# Your assignment
Print the lines below from the line with "Los revolucionarios propugnamos" to the line with "Рис. 1. Схема" exactly, keeping both ends, and print no pictures.

# Listed records
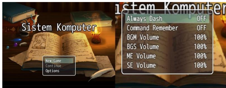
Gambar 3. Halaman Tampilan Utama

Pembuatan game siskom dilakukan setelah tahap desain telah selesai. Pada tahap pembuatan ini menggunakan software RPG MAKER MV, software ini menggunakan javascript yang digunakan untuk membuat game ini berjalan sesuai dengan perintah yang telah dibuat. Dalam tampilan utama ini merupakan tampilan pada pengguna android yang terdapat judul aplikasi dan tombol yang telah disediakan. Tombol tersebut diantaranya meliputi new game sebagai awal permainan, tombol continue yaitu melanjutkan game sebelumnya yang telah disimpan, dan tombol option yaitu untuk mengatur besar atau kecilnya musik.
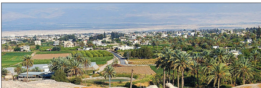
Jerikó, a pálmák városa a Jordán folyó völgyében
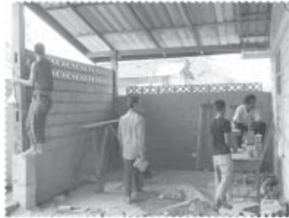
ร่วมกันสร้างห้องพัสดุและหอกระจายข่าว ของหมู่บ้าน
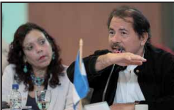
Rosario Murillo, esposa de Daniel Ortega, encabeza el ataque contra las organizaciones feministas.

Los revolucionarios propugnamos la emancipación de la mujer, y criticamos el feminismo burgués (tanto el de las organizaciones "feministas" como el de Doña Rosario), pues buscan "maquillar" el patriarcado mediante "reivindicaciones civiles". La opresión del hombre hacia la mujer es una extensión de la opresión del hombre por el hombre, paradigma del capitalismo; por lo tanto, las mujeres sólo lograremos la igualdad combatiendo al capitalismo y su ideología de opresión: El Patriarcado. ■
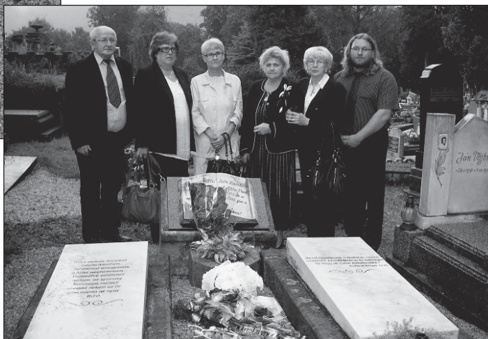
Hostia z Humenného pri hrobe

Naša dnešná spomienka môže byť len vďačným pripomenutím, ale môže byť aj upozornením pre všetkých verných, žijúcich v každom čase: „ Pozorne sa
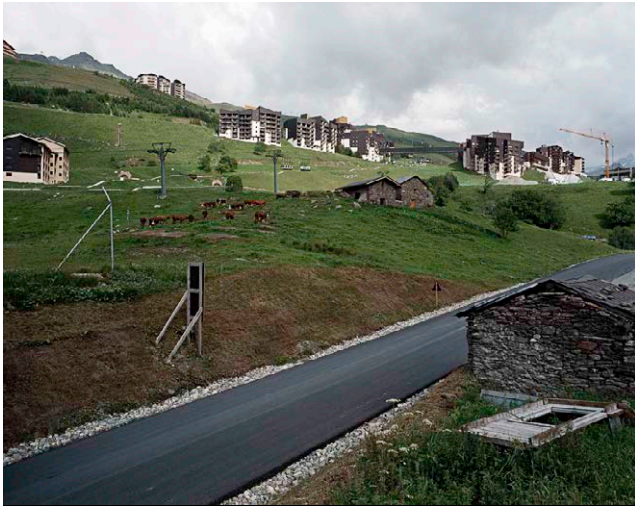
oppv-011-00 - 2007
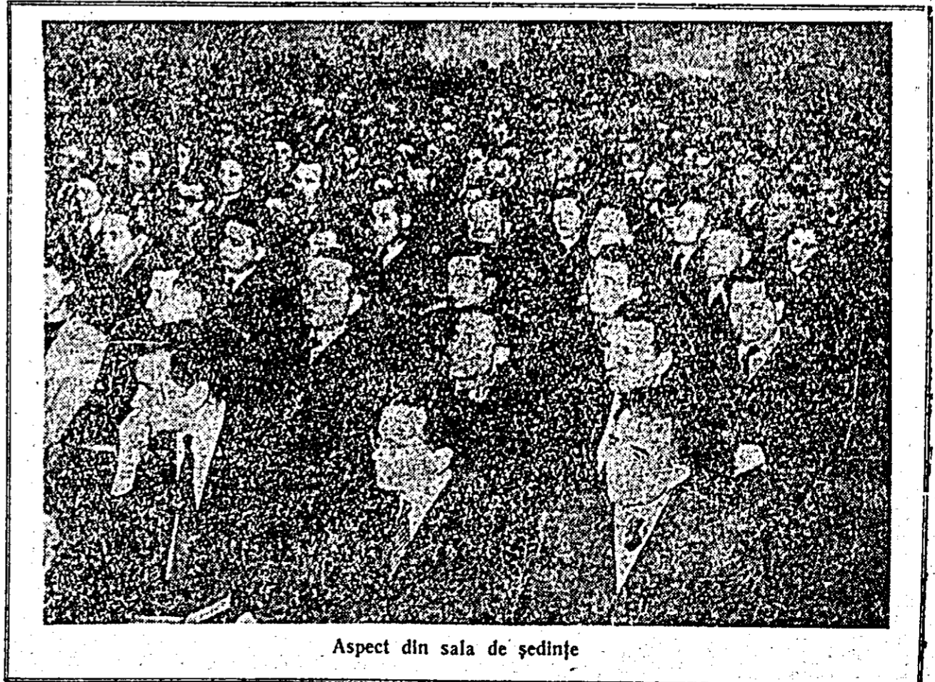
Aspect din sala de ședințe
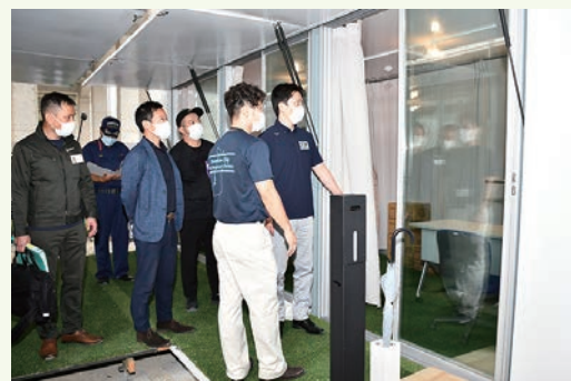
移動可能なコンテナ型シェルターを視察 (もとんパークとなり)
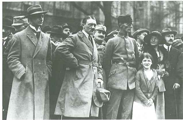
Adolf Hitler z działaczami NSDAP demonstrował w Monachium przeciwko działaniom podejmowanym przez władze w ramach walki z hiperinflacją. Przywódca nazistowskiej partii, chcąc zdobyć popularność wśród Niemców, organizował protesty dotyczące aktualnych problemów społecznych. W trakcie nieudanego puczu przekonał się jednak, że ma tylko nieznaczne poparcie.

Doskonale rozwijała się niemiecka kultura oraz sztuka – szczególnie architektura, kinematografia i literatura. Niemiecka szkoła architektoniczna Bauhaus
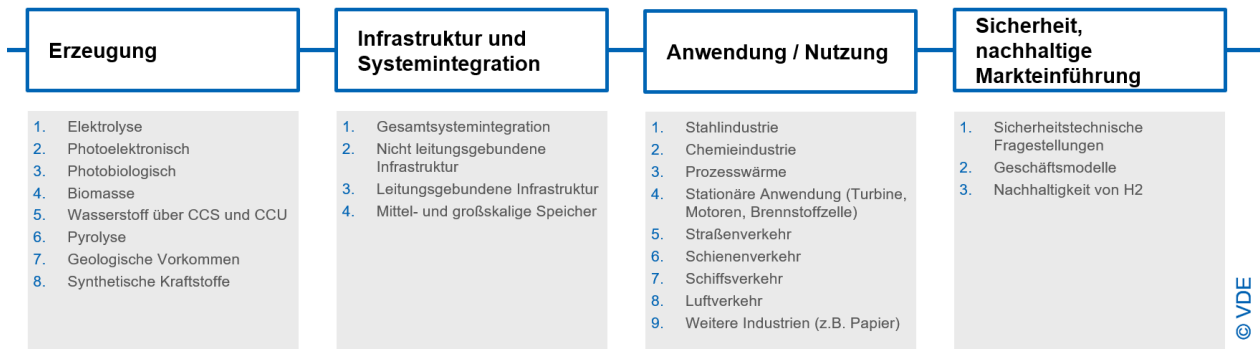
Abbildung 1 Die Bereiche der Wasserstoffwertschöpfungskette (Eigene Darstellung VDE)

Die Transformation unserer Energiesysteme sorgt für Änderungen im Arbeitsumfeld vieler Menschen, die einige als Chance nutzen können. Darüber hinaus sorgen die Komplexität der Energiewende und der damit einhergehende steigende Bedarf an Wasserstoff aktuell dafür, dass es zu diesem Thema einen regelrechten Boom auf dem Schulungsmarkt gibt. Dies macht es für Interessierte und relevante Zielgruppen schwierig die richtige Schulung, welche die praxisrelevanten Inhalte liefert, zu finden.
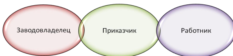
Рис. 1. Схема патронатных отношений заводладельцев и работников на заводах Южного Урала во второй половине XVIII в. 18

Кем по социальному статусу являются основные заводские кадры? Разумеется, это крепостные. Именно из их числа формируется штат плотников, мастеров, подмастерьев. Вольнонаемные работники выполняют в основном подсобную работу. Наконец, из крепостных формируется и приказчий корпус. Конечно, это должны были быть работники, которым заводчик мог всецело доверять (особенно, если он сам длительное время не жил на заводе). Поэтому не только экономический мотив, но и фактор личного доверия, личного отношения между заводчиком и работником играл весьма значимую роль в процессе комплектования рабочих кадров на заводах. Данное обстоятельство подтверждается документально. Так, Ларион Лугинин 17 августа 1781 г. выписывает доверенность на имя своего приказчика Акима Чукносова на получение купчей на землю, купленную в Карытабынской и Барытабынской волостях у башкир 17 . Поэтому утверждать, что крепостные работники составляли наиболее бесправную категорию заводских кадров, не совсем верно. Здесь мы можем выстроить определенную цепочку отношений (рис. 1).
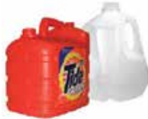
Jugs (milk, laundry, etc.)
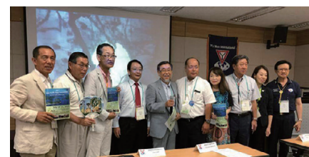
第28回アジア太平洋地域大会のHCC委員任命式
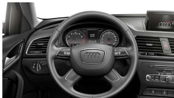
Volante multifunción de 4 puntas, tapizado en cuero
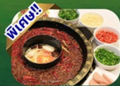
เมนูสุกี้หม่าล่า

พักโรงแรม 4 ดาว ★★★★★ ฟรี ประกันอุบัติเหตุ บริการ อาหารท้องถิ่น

--

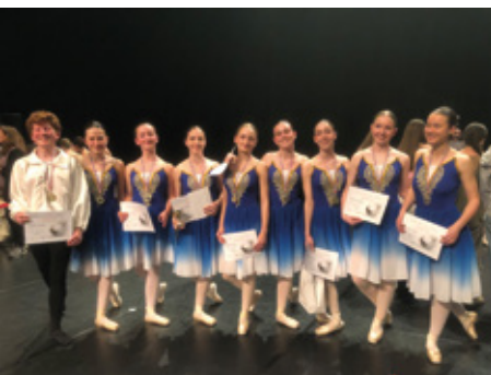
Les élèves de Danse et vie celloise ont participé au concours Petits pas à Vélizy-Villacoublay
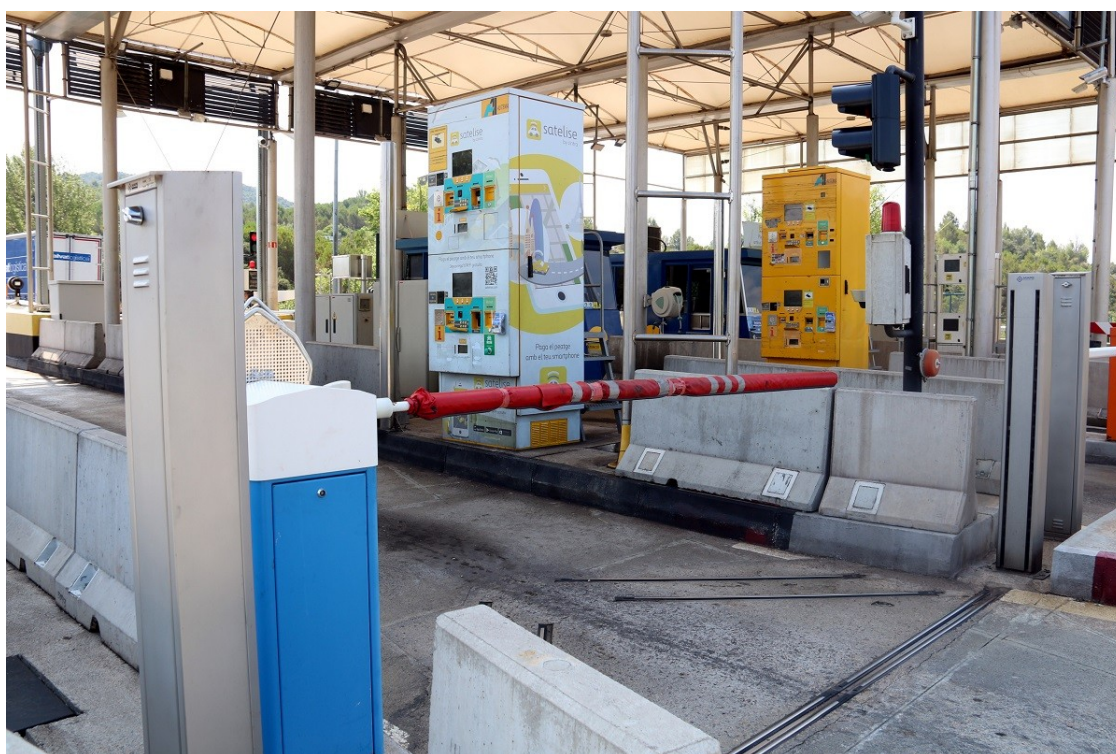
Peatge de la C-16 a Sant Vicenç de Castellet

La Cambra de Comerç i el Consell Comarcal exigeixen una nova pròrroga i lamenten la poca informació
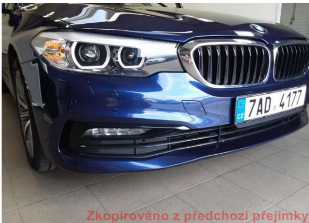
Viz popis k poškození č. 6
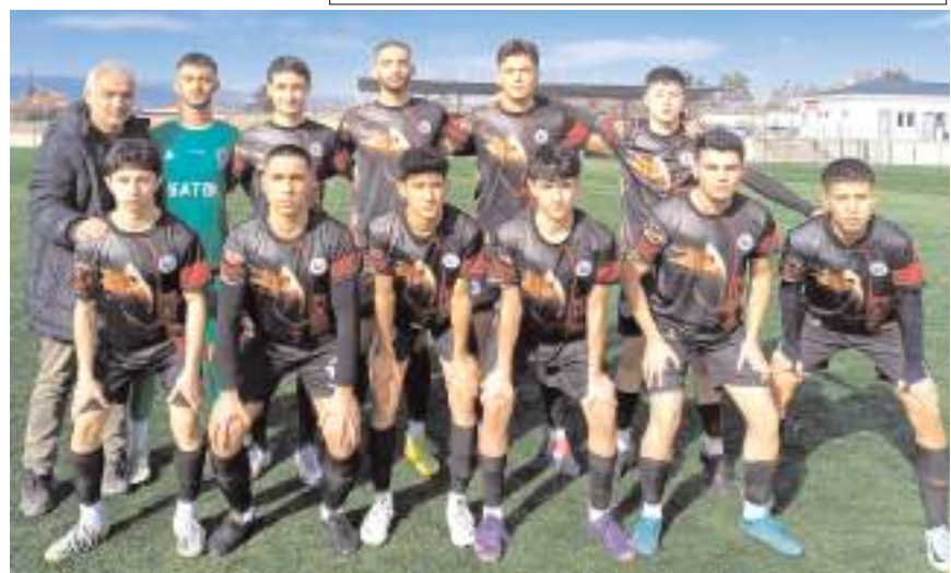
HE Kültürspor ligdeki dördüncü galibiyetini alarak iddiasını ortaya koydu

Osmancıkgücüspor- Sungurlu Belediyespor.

---

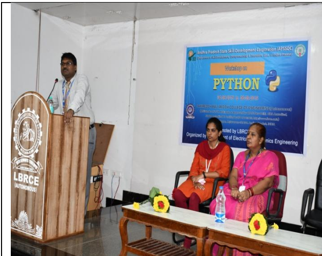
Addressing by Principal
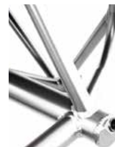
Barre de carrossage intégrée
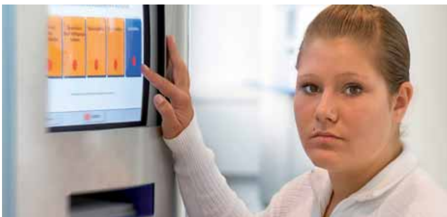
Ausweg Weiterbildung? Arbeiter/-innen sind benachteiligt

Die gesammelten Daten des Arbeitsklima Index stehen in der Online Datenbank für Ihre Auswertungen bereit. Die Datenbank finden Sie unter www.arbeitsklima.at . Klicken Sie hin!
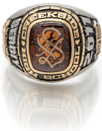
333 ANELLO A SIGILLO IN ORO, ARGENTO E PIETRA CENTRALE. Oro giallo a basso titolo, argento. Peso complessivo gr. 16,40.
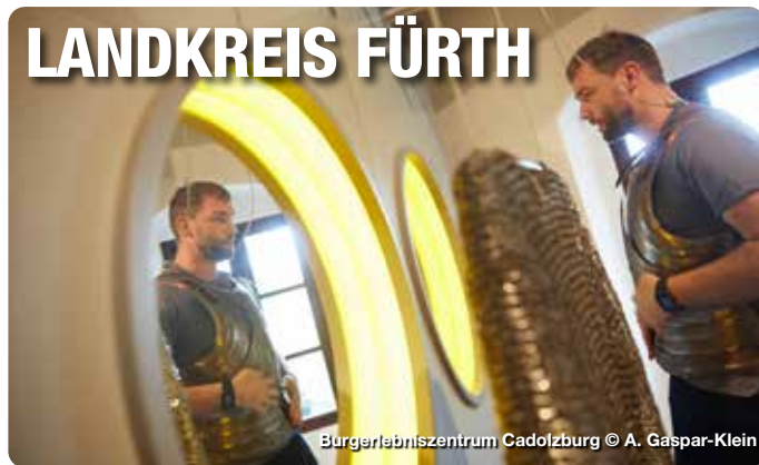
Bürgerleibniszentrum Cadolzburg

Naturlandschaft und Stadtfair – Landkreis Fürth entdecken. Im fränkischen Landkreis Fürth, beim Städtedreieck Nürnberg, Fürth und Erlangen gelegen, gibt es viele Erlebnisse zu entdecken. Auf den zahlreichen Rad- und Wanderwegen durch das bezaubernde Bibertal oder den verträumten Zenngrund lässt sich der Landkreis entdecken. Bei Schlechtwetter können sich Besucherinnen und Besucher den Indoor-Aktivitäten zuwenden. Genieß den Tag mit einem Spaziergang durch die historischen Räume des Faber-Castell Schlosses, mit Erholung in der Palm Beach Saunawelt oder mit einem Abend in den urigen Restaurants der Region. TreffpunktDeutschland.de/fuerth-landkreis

# Result
Los revolucionarios propugnamos la emancipación de la mujer, y criticamos el feminismo burgués (tanto el de las organizaciones "feministas" como el de Doña Rosario), pues buscan "maquillar" el patriarcado mediante "reivindicaciones civiles". La opresión del hombre hacia la mujer es una extensión de la opresión del hombre por el hombre, paradigma del capitalismo; por lo tanto, las mujeres sólo lograremos la igualdad combatiendo al capitalismo y su ideología de opresión: El Patriarcado. ■
Hostia z Humenného pri hrobe

Naša dnešná spomienka môže byť len vďačným pripomenutím, ale môže byť aj upozornením pre všetkých verných, žijúcich v každom čase: „ Pozorne sa
oppv-011-00 - 2007
Aspect din sala de ședințe
移動可能なコンテナ型シェルターを視察 (もとんパークとなり)
Adolf Hitler z działaczami NSDAP demonstrował w Monachium przeciwko działaniom podejmowanym przez władze w ramach walki z hiperinflacją. Przywódca nazistowskiej partii, chcąc zdobyć popularność wśród Niemców, organizował protesty dotyczące aktualnych problemów społecznych. W trakcie nieudanego puczu przekonał się jednak, że ma tylko nieznaczne poparcie.

Doskonale rozwijała się niemiecka kultura oraz sztuka – szczególnie architektura, kinematografia i literatura. Niemiecka szkoła architektoniczna Bauhaus
Abbildung 1 Die Bereiche der Wasserstoffwertschöpfungskette (Eigene Darstellung VDE)

Die Transformation unserer Energiesysteme sorgt für Änderungen im Arbeitsumfeld vieler Menschen, die einige als Chance nutzen können. Darüber hinaus sorgen die Komplexität der Energiewende und der damit einhergehende steigende Bedarf an Wasserstoff aktuell dafür, dass es zu diesem Thema einen regelrechten Boom auf dem Schulungsmarkt gibt. Dies macht es für Interessierte und relevante Zielgruppen schwierig die richtige Schulung, welche die praxisrelevanten Inhalte liefert, zu finden.
Рис. 1. Схема патронатных отношений заводладельцев и работников на заводах Южного Урала во второй половине XVIII в. 18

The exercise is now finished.